(Stored items)
*** Begin section ***

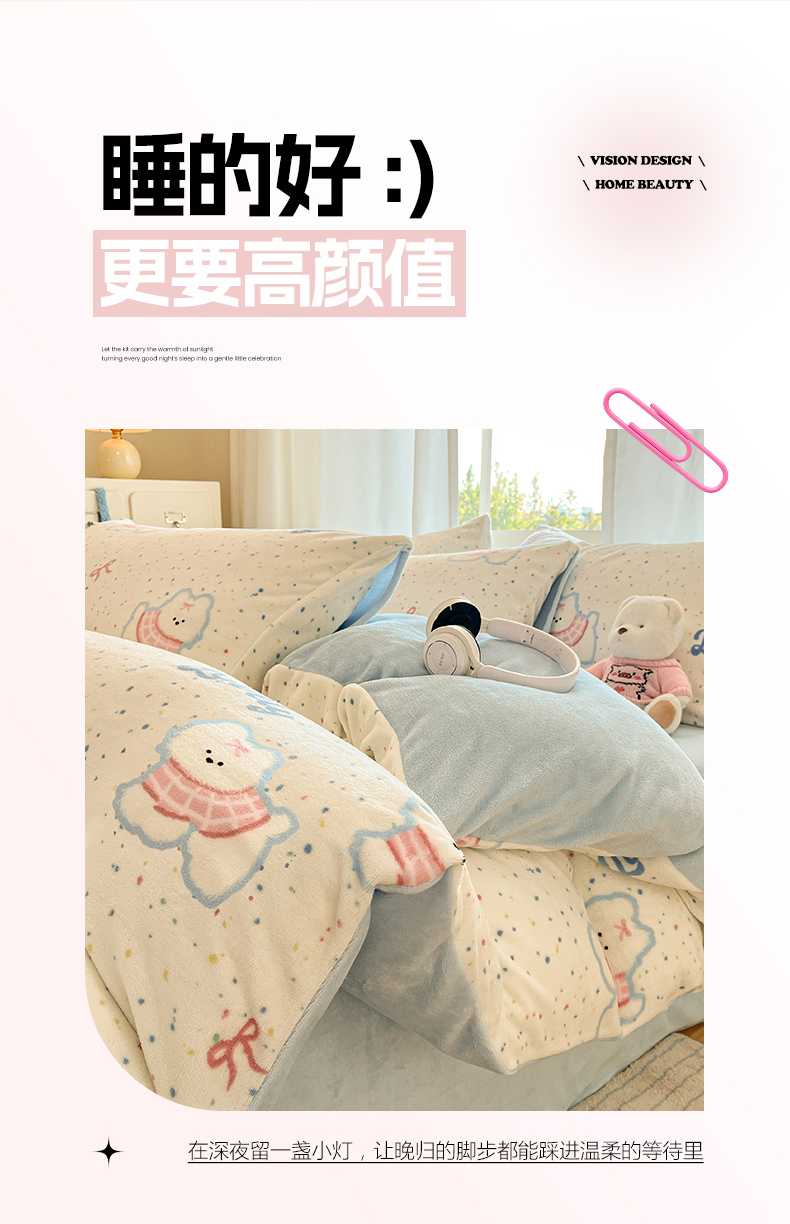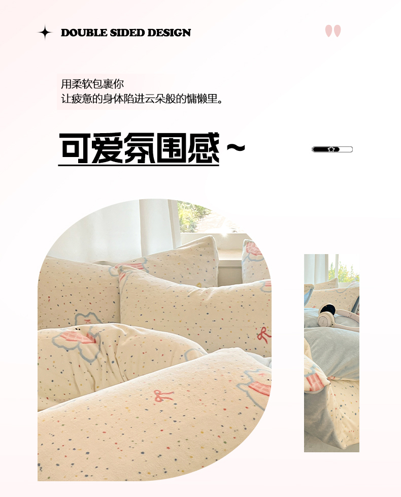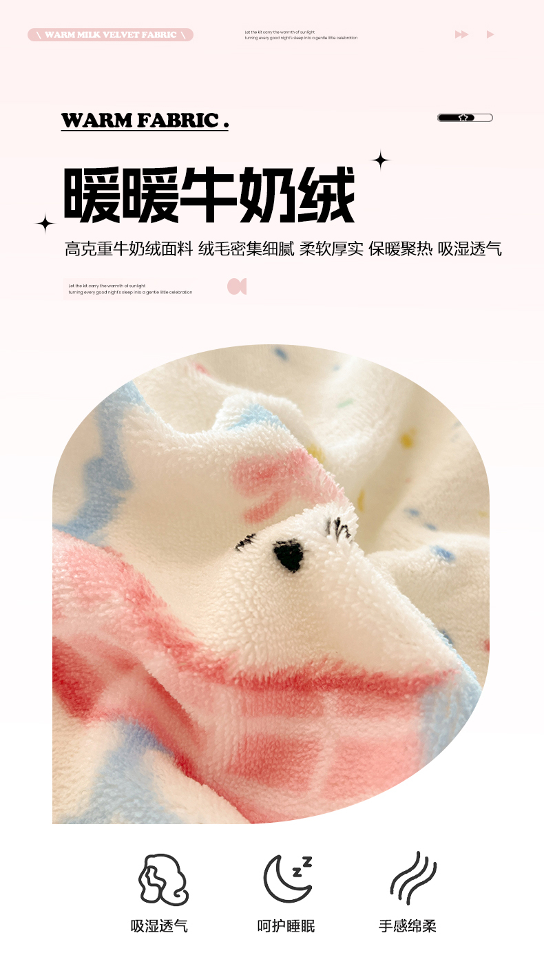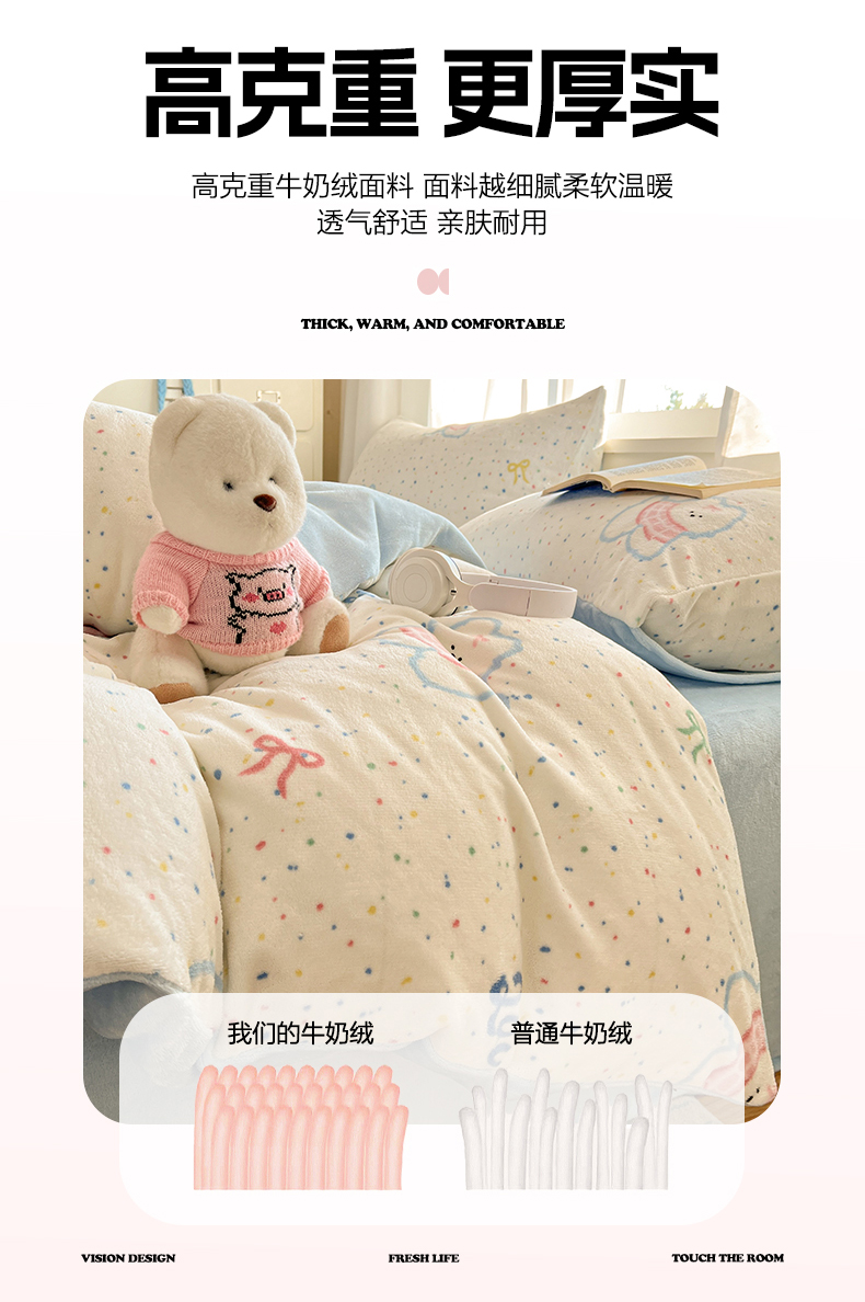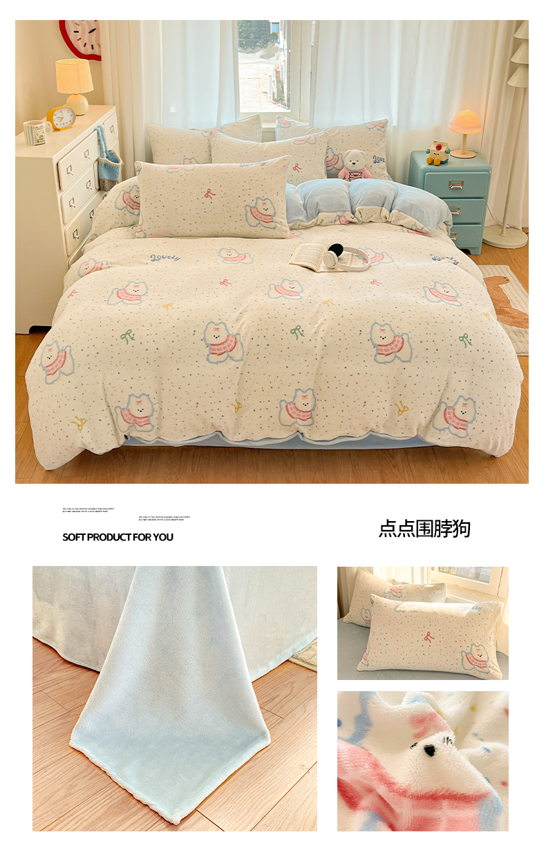吉象家纺 2025新款高克重牛奶绒印花被套 点点围脖狗
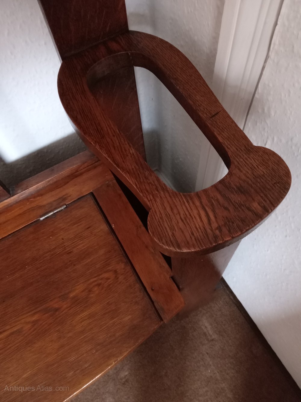 This is a truly Superb Oak Hall Stand--it would suit any Home, Guest House, Hotel, Restaurant etc. etc. etc. Either side of the Seat and formed as an Arm Rest are 2 Stick Stands for Walking Sticks and Umbrellas. FREE DELIVERY IN THE UK!
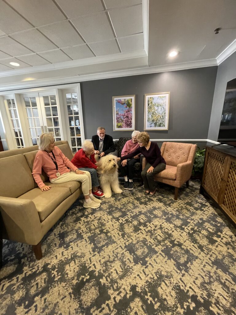 “For many of the people we visit, therapy dog visits can improve their mental health and brighten their day and their outlook on life,” he says. “Quite often, I see them come out of their shell when the dogs are with them. And petting or touching a therapy dog may relieve tension and even reduce blood pressure. For many people we visit, the dog seems to relieve loneliness or sadness. We dog handlers see so many positive benefits during each of our visits.”
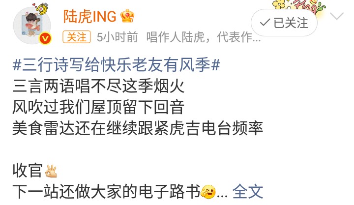 那么,陈楚生等艺人,在快乐老友记短暂分别后,未来再聚,究竟有怎样的心愿表达呢?张远在社交平台发文:“远房”的门永远向大家敞开。诗情画意般的表达,不由得让人想起,张远在《快乐老友有风季》里的精彩表现!亮明才艺,上演综艺互动!陆虎这样写道:“三言两语唱不尽这季烟火”。
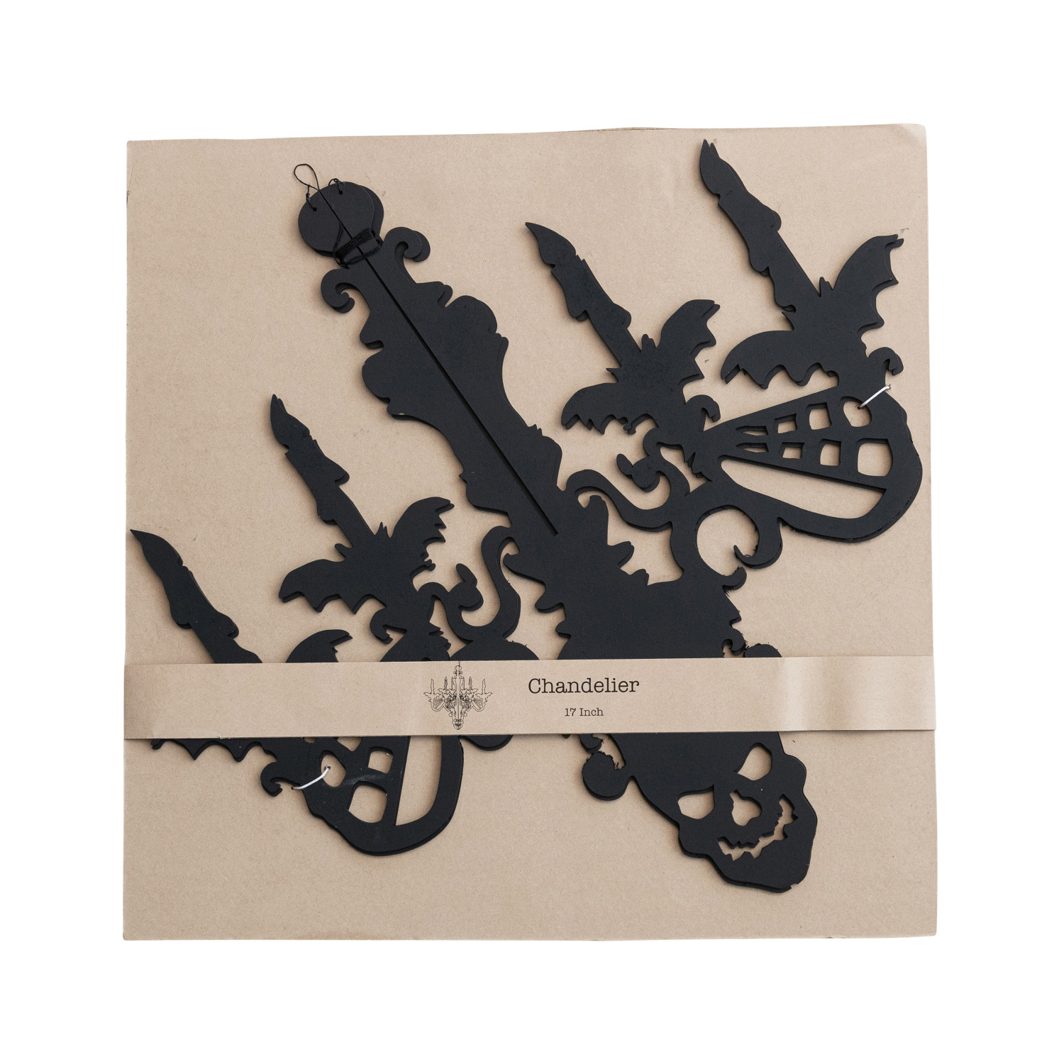 Hanging Interlocking MDF Chandelier with Bats & Spider Webs, Black
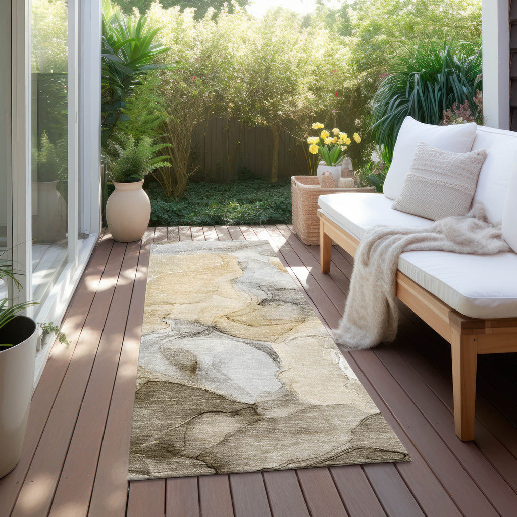 Enrich your home with our soft watercolor-inspired transitional area rug. The beautiful hues add a touch of elegance to any room. This rug is UV stabilized for indoor and outdoor use, and the ultra-thin construction includes a non-skid backing, eliminating the need for a separate rug pad. Plus, it's machine-washable and perfect for families with pets.
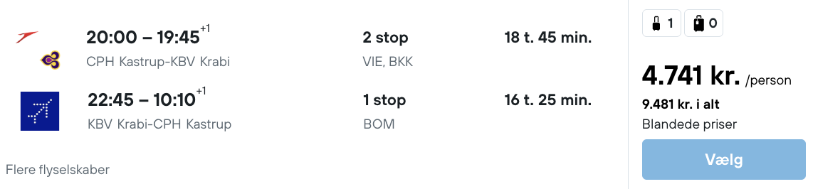 På vores flysøgemaskine har vi fundet billige billetter fra København til Krabi.
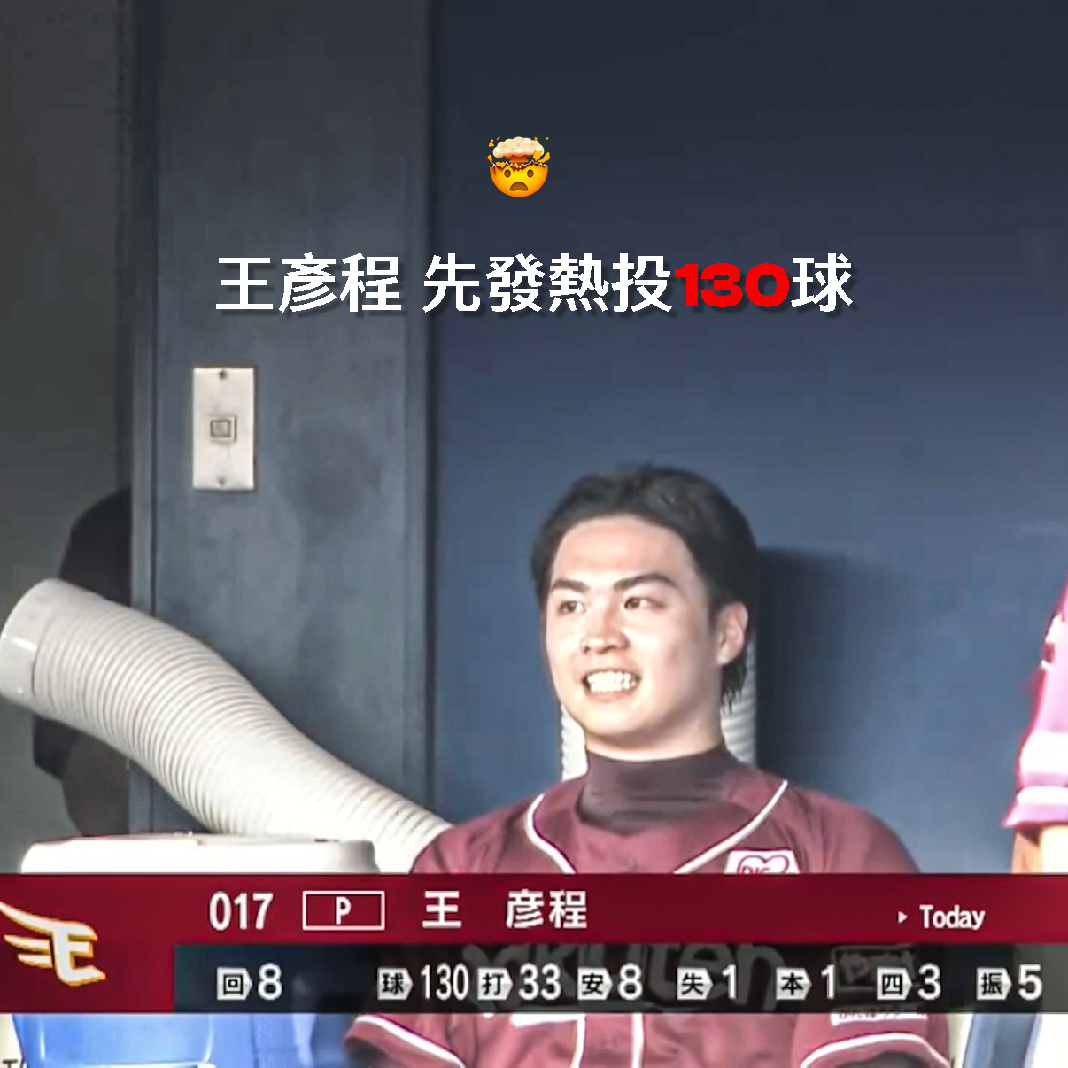 王彥程今天先發8局用130球,被1轟在內8支安打,有5次三振、3次保送,失1分,在三局下被陽春砲丟分。
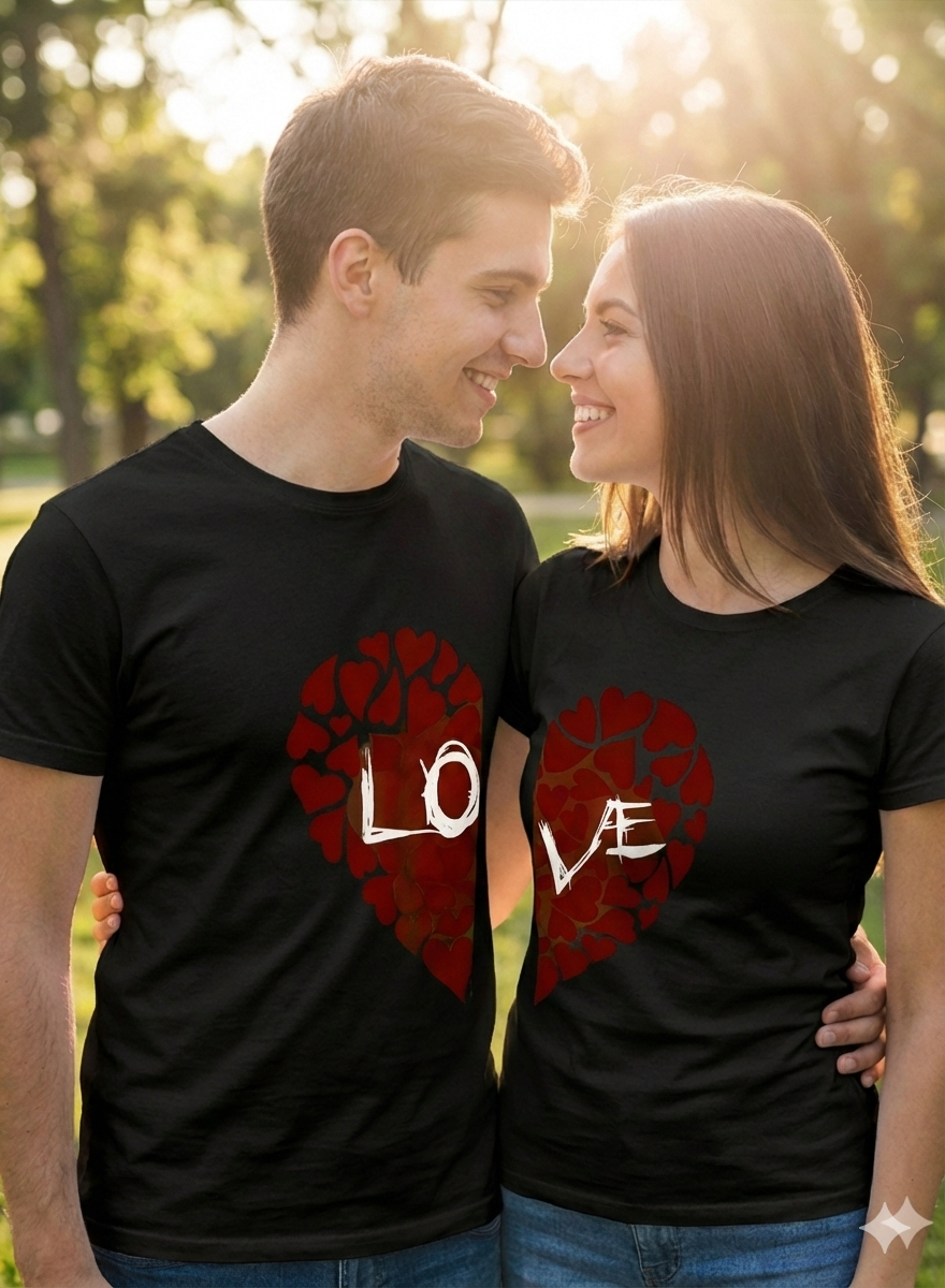 Celebrate your unique bond with these matching couple t-shirts, featuring a creative split-heart "LOVE" graphic that completes the picture when you stand together. Crafted from premium 180 GSM 100% combed cotton with a bio-washed finish, these unisex tees ensure breathable comfort and pre-shrunk durability for everyday wear. The vibrant, fade-resistant DTF print makes this set the perfect romantic gesture for anniversaries, Valentine's Day, or cute couple photoshoots.
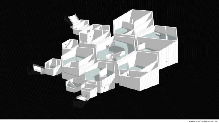 - For interior elements, once the building was finalize from positioning and simulation, the geometry was brought from Grasshopper to Rhino.Inside by using outline and terrains. In this case, we could extract the elements such as level using z-value of the floor, wall using outline of the plans, floor using outline of the floor. In this initial 3 steps we could have final based geometry to further develop into interior design and room divisions in Revit.

*** End section ***

Only the records, copied exactly and without pictures, should make up the answer.

吉象家纺 2025新款高克重牛奶绒印花被套 点点围脖狗
 This is a truly Superb Oak Hall Stand--it would suit any Home, Guest House, Hotel, Restaurant etc. etc. etc. Either side of the Seat and formed as an Arm Rest are 2 Stick Stands for Walking Sticks and Umbrellas. FREE DELIVERY IN THE UK!
 “For many of the people we visit, therapy dog visits can improve their mental health and brighten their day and their outlook on life,” he says. “Quite often, I see them come out of their shell when the dogs are with them. And petting or touching a therapy dog may relieve tension and even reduce blood pressure. For many people we visit, the dog seems to relieve loneliness or sadness. We dog handlers see so many positive benefits during each of our visits.”
 那么,陈楚生等艺人,在快乐老友记短暂分别后,未来再聚,究竟有怎样的心愿表达呢?张远在社交平台发文:“远房”的门永远向大家敞开。诗情画意般的表达,不由得让人想起,张远在《快乐老友有风季》里的精彩表现!亮明才艺,上演综艺互动!陆虎这样写道:“三言两语唱不尽这季烟火”。
 Hanging Interlocking MDF Chandelier with Bats & Spider Webs, Black
 Enrich your home with our soft watercolor-inspired transitional area rug. The beautiful hues add a touch of elegance to any room. This rug is UV stabilized for indoor and outdoor use, and the ultra-thin construction includes a non-skid backing, eliminating the need for a separate rug pad. Plus, it's machine-washable and perfect for families with pets.
 På vores flysøgemaskine har vi fundet billige billetter fra København til Krabi.
 王彥程今天先發8局用130球,被1轟在內8支安打,有5次三振、3次保送,失1分,在三局下被陽春砲丟分。
 Celebrate your unique bond with these matching couple t-shirts, featuring a creative split-heart "LOVE" graphic that completes the picture when you stand together. Crafted from premium 180 GSM 100% combed cotton with a bio-washed finish, these unisex tees ensure breathable comfort and pre-shrunk durability for everyday wear. The vibrant, fade-resistant DTF print makes this set the perfect romantic gesture for anniversaries, Valentine's Day, or cute couple photoshoots.
 - For interior elements, once the building was finalize from positioning and simulation, the geometry was brought from Grasshopper to Rhino.Inside by using outline and terrains. In this case, we could extract the elements such as level using z-value of the floor, wall using outline of the plans, floor using outline of the floor. In this initial 3 steps we could have final based geometry to further develop into interior design and room divisions in Revit.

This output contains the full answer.